Saturday, 22 July 2017

    Schemes risk crystallising losses in market corrections

    An increasing number of schemes are turning cashflow negative. Their de-risking plans and investment strategies need to take account of that

    More than half (55%) of the UK’s defined benefit (DB) schemes are now cashflow negative, according to new research from consultants Mercer. 

    Cashflow negative schemes do not achieve enough income from their investments and contributions to cover the cost of members’ pensions. That means they may need to sell assets in order to meet those liabilities. 

    deficit index

    Mercer’s 2017 European Asset Allocation Survey show an increase of 13% in the number of cashflow negative schemes over the last 12 months (42% in 2016). By 2027, 85% of respondents whose schemes are not currently cashflow negative expect to be in that situation.

    Phil Edwards, global director of strategic research at Mercer, described being cashflow negative as a “natural life stage of a mature DB pension scheme”.  However, he cautioned that less than 40% of respondents currently have a formal de-risking strategy, which “leaves a large body of schemes with no clear plan in place”, making them more susceptible to market fluctuations and the risk of crystallising losses if they are forced to sell assets to meet liabilities.

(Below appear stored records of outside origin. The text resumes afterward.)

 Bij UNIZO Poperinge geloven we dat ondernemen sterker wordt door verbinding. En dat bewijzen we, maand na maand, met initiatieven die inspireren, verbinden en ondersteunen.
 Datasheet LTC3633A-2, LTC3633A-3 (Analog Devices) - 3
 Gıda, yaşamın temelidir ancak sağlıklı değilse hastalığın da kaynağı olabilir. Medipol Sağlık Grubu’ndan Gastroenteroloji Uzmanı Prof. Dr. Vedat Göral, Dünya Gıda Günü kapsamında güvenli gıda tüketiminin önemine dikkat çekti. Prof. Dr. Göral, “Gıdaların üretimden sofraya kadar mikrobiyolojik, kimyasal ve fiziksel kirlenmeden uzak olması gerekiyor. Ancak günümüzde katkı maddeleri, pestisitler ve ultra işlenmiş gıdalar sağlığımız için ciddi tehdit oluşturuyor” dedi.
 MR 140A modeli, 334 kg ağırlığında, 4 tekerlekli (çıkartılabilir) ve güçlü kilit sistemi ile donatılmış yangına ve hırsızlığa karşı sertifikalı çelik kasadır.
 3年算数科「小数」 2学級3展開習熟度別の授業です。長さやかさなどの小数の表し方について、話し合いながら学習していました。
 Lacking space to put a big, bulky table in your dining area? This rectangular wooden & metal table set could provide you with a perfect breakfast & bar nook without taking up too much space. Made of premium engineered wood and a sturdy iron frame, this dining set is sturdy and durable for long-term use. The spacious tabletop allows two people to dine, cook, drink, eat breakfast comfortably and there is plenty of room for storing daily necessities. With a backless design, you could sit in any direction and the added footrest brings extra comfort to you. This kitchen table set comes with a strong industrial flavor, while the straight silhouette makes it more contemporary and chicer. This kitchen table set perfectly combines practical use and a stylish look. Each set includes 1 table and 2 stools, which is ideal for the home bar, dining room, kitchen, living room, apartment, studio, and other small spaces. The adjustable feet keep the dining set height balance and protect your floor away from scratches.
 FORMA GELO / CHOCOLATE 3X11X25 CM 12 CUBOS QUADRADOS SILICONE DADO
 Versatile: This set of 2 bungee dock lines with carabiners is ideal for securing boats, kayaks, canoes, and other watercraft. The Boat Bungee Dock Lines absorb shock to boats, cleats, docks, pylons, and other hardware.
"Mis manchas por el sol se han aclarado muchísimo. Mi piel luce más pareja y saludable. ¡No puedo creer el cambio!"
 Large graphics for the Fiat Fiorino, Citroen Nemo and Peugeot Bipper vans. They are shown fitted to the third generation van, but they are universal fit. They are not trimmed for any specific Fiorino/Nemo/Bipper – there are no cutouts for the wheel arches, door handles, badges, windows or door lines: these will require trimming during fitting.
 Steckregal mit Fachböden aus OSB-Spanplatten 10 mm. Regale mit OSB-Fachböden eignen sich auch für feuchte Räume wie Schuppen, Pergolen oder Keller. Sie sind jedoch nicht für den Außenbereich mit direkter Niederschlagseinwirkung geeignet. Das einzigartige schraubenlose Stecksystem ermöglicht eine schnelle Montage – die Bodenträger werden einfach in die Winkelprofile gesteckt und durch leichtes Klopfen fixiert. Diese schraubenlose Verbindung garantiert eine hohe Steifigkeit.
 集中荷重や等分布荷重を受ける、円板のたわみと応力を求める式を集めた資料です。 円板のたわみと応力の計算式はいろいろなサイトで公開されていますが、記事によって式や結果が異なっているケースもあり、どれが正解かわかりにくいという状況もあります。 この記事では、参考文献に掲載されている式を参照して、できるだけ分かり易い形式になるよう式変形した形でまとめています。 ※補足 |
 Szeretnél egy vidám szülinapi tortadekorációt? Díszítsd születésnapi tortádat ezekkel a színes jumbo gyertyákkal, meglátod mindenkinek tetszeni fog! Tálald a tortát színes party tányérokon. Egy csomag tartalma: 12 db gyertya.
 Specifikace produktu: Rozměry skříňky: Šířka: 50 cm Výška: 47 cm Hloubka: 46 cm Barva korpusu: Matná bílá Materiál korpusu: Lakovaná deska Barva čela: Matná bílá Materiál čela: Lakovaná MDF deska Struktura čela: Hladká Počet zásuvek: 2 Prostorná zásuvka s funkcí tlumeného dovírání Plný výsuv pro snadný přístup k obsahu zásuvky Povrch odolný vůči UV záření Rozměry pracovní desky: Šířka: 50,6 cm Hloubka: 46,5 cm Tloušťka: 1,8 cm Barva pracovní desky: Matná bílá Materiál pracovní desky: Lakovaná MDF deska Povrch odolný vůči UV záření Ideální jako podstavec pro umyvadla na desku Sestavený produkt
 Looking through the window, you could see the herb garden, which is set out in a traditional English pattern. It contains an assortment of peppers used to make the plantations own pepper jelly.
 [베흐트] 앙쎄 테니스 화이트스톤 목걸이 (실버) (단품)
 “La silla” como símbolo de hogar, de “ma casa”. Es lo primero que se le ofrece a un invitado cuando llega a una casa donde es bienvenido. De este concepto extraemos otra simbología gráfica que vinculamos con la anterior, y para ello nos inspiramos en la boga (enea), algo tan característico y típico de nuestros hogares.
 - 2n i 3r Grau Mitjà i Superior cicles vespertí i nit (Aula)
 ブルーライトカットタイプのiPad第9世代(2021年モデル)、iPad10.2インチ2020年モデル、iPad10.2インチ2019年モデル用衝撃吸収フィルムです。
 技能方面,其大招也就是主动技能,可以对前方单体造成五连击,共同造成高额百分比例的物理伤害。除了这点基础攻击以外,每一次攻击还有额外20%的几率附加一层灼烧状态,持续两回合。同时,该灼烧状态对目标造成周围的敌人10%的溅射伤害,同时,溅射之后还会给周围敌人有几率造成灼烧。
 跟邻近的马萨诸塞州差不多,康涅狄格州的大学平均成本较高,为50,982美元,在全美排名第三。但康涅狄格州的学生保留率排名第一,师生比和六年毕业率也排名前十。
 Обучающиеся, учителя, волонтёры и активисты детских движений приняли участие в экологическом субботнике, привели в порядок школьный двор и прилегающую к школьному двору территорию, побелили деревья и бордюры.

    The report also showed that schemes are investing more in alternative assets. This is part of a steady upward trend over the last five years, from 14% in Mercer’s 2013 figures, to 22% in the 2017 report. Schemes have reduced their exposure to equities accordingly, with the average equity allocation now 29%, compared to 39% in 2013. Bonds account for the remaining 51% of assets in the 2017 allocation.

    Higher returns in exchange for lower liquidity – and in some cases a regular income stream from the assets – is a key reason for the shift towards alternatives. However, for cashflow negative schemes investing in illiquid assets needs careful consideration, said Edwards. “Trustees of cashflow negative schemes need to be sure that, in the event of a large market correction, liquid assets are available to meet cashflow and collateral needs.”

    “We would encourage all schemes – large and small – to use scenario planning and stress-test analysis to understand how a market correction might impact their financial health.”